Wow, looking back, what a great testimony the Lord brought forward. The next month I landed the perfect job for me. One that fulfills me. One that let's me do the work of the church, but in the world. One that lets me use my gifts. I never thought that getting laid off would be a considered a blessing but God has a way of turning everything around for good. I choose to remember that today.

Thursday, March 24, 2011

Think globally, shop locally, and pull up a chair, this might take a minute.

I stirred up quite a crazy debate today. I said one thing about local businesses, and I was quickly flooded with opinions from both sides of debates. I think this is something that needs to be discussed. I love local businesses, in fact, I come from a long line of personal business owners. In my short life have worked with many local businesses and enjoyed them.

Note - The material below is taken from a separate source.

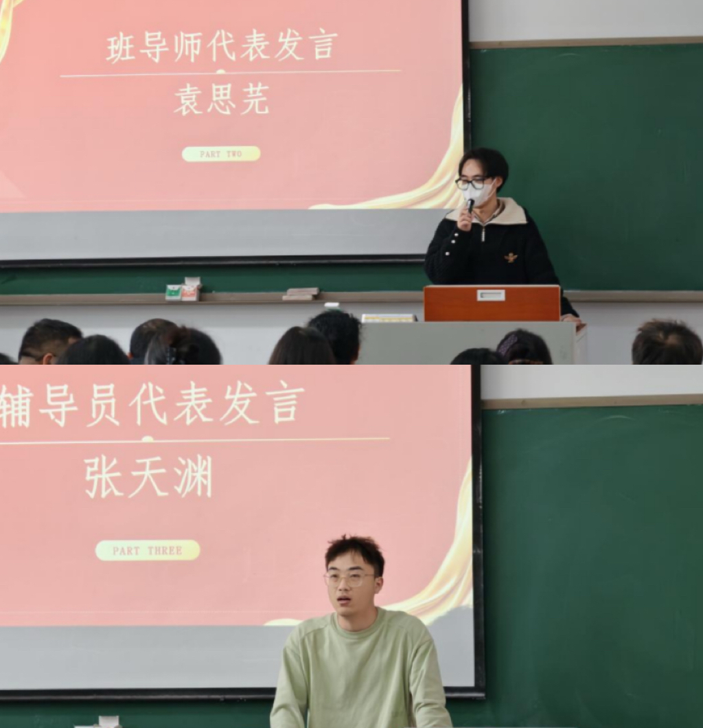 启动仪式在庄重热烈的气氛中拉开帷幕。主持人首先强调本次活动的背景,学风是大学精神的核心要义,专业是学子成长的立身之本,学风建设更是学院落实立德树人根本任务、提升人才培养质量的关键。随后,班导师代表袁思芫老师发言表示,本次学风建设搭建了班导师与学生常态化、制度化沟通桥梁,让精准指导成为可能,坚信在学院引领下,同学们必将取得更优成绩。紧接着,辅导员代表张天渊老师表态,将全力配合班导师工作,凝聚育人合力,营造积极向上、严谨求实的优良学风,为学生成长成才提供全方位支持。最后,学生代表吴伟凡发言回应,将积极响应学院号召,主动融入学风营造,与班导师密切沟通,在就业、考研、留学等赛道提前规划、精准发力。

All that being said, I have noticed a trend in Amarillo and I don't think that it's a very good marketing trend. I have affectionately called it "banking on local." This trend consists of local companies only differentiating themselves from the chains only by being local. I'm not impressed. People of Amarillo are a lot more creative than that, and if they aren't, there's another empty storefront.

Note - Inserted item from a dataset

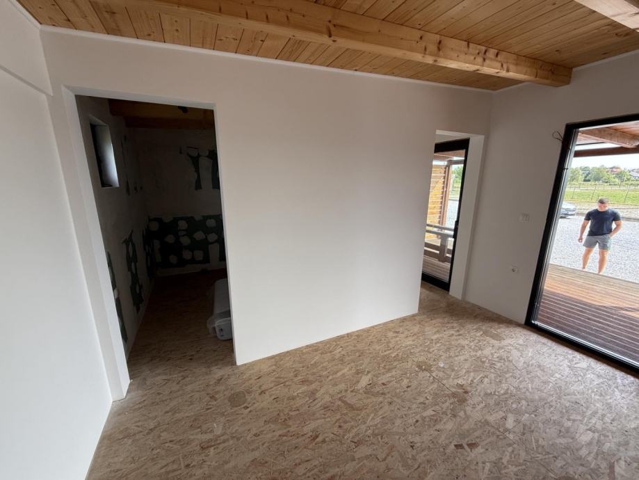 Prodajemo potpuno novi, skoro gotov montažni vikend objekt, površine 32 m² neto + 22 m² terase, spreman za isporuku odmah (fco Varaždin).

Local companies must think globally, and be ingenious. Creative niches are how to get the job done. I have friends that own The Ground Cafe in Amarillo. This little coffee shop on the ground floor of the Chase Tower in downtown Amarillo has created such a buzz you'd think they were the original coffee shop in Amarillo. There are other local coffee shops, and yes there is Starbucks. They compete and very successfully I might add, because they know who they are, and they put themselves in the right place. They sell good coffee and they sell it at a smart price. I talked to them about this how microcosm of local versus out-of-towners, and this is what they said, "We wouldn't be here is Starbucks wasn't in town." They carved their place because a national chain brought relevance to their shop. They built The Ground Cafe about 8-9 years after Starbucks had been in town. There attitude to their customers is, "We don't want our customers to feel bad if they go to Starbucks, WE go to Starbucks." They don't see the national chain as competition, but a vehicle where by they can be seen and heard because they created a place in Amarillo. They are local, and they are good, and they compete because they are good at what they do (and they are the nicest people I know).

So, Amarillo business owners, I get it, you're local. I hear a loud and clear.... BUT, if you think that's enough, I think you're sadly mistaken.